2011年7月3日(日)の総選挙でタイ貢献党が勝利し、タクシン氏の妹であり美貌で評判の高いインラック・シナワトラ氏が第36代首相に就任した。しかし、2014年5月7日(水)の人事異動の発令が憲法違反にあたると判定されて首相の座を追われた。

2014年5月20日(火)、タイ王国全土に戒厳令が敷かれ、二日後の22日(木)、国軍がクーデター成立を宣言した。同国が立憲君主制に移行した1932年の立憲革命以来、19回目のクーデターとなった。

クーデターを主導したタイ王国陸軍総司令官のプラユット・チャンオチャ氏が2014年8月25日(月)、国王からの任命を受けて正式に第37代首相に就任している。

タイの人々はこの事態をどの程度深刻に受け止めているのか、いまひとつよく分からないところがある。2014年2月には、混乱するタイの政治状況を報道するためにバンコク入りした日本人アナウンサーについて、「イケメンすぎる」と騒ぎが起きている。2014年2月9日(日)の産経ニュースは下記のように報じている。

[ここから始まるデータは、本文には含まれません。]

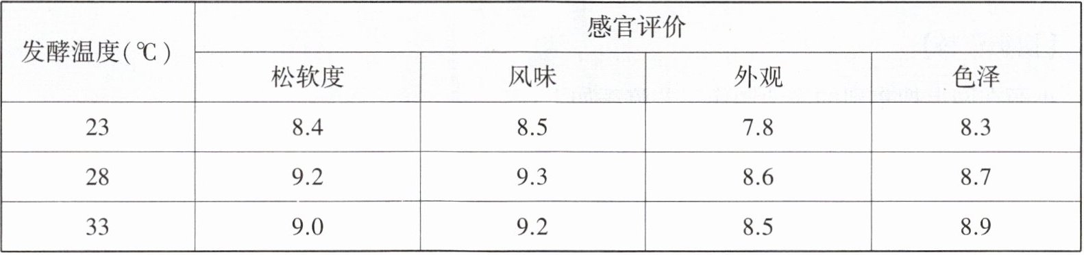 要想获得松软度、风味和外观最优的馒头,由上表可知,应选择的发酵温度是

政治の混乱が続くタイのインラック政権は、下院の総選挙を2日に強行、反政府デモの妨害で選挙区の二割が投票中止に追い込まれた。大規模衝突に備え、各国のメディアも首都バンコクに集結したが、現地メディアに映ったある日本人アナウンサーについて「イケメン過ぎる」とネット上で話題が沸騰。一部で選挙の結果以上に注目を集め、地元紙が「タイの政治を見劣りさせる」と報じる人気ぶりとなっている。

タイの女性たちをゾッコンにさせているのは、フジテレビ系報道番組「スーパーニュース」でキャスターを務める榎並(えなみ)大二郎氏(28)。総選挙当日、インラック首相がバンコクの投票所で投票するもようをヘルメットと防弾チョッキ姿でリポートした。

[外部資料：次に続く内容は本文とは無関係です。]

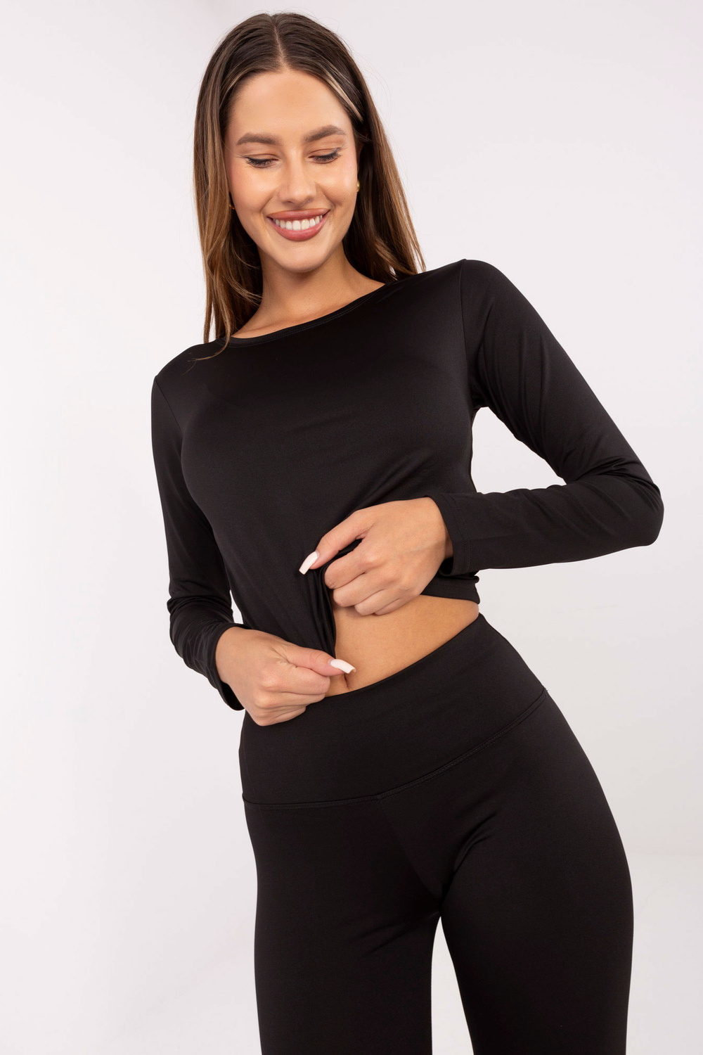 Patriceblack sporta komplekts. komplektā ietilpst: augšdaļa, legingu materiālssastāvs: 90% poliesters, 10% elastāns mazgāšanas metode: veļas mašīna 30°C. Modelis valkā S/M izmēru. Modeļa izmēri: augums 172 cm, krūtis 84 cm, viduklis 60 cm, gurni 88 cm. Izmēri

郊外では爆発や発砲が散発的に起き死者も出ているものの、さすがに投票所で「厳重装備」をしていたマスコミは少なく、目立つ格好が注目を浴び、その男前ぶりが地元視聴者の目にとまった。

榎並氏に関する“ニュース”は総選挙明け3日の朝一番でネットに登場し、映像とともに「こんなハンサムと結婚したい」「ファンクラブを結成しよう」などの書き込みが殺到、中には「防弾チョッキを脱いで。私の体であなたを守る」と熱のこもったメッセージ投稿も。日本人記者を見つけた地元記者が「榎並アナにはどこに行けば会えるのか」と“逆取材”を受けるなど、榎並氏は一躍タイの有名人となった。
< http://www.sankei.com/world/news/140209/wor1402090021-n1.html >

政治的混乱が日常化したせいか、その深刻度までもが混乱してよく分からなくなっている。そんなタイの首都バンコクを、セーラー服姿で歩いてみるというのは、なかなか刺激的な社会実験になるのではなかろうか。

残念ながら、イケメンアナウンサーのような騒ぎにはならなかった。しかし、道行く人々が次から次へと手を振ってきたり、声をかけてきたりして、一緒に写真を撮っていったりもする。約一年前にタイのテレビに出たのを「見たよ」と言ってくれる人もいた。

初めて行った国なのに、すでにある程度知られる存在になっていたらしく、この現象、日本とあまり変わらない。イベント会場でもなんでもない公共の場所で、これだけ人々から声をかけられて人気を博したのは、海外ではタイがダントツであった。

道路脇で張り込んでいる兵士たちの前を通り過ぎるとき、少し緊張する。目が合うと、敬礼してくる。え? まさか海軍と間違えたというわけではあるまい。ほんっと、タイはよく分からない。

●経済成長著しい熱帯の王国

タイ王国は東南アジアの国で、東にカンボジアとラオス、西にミャンマー、南にマレーシアと隣接する。面積は意外に広く、日本の1.4倍、フランスとほぼ同等である。人口は日本の半分。

気候は熱帯性。季節は、5月中旬から10月ころにかけての雨季と、11月から3月中旬までの比較的涼しい乾季の二つしかない。4月が一番暑くて特別に暑季と呼ばれ、40度超えする日が何日かあるという。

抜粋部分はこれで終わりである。